Sure the Hard Rock waiters groove real good to them, but they are no Village People. They can pop, lock, b-boy and mix a mean Iced Tea (both Long Island and virgin) – They are every bit a part of what we call the ‘complete’ dining experience.
While HRC quality servers are a dear rarity, there are a few expectations the much-frequented joint in your neighbourhood can meet. For instance, it will take restaurant managers exactly three minutes to explain to their servers what a closed plate looks like (It’s a fork and a spoon resting parallel to each other across the diameter of a plate. The crossed fork and spoon indicates the need for a second helping). This is important so that they don’t whisk away your plate while you politely wait for a serving.

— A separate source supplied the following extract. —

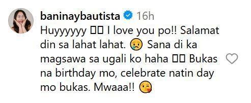Baninay continued, "Sana di ka magsawa sa ugali ko haha… Bukas na birthday mo, celebrate natin day mo bukas. Mwaaa!!"

Also, dessert may be ordered with the main course but is always served at the end of the meal – Five Spice, Saki Naka should allocate the title ‘Mission Impossible*’ to the waiter who kept shoving the ripe and luscious pudding at us while we laboured over the Five Spice noodles. We helplessly watched our Rocky-Road* melt into a slushy culvert by the time we got to it. And it doesn’t take catering school training to learn that it’s rude to start clearing plates while other members of the party are still eating.

Minor glitches aside, it’s the little extra that makes you want to keep going back – The Chocolate Sprinkle art on top of your Cappuccino foam, that look of acknowledgement reserved for frequent diners and the willingness to remember regular orders without need of repetition. The noble craft of serving can be rendered lucrative for those willing to shine on and sweep off more than just tips.

PS – A memorable name always helps. For instance, it must be providence that a man named Rhythm ends up at a place like Blue Frog. And no, his brothers are not named Bass and Lead (We did ask and were subject to a very blank response).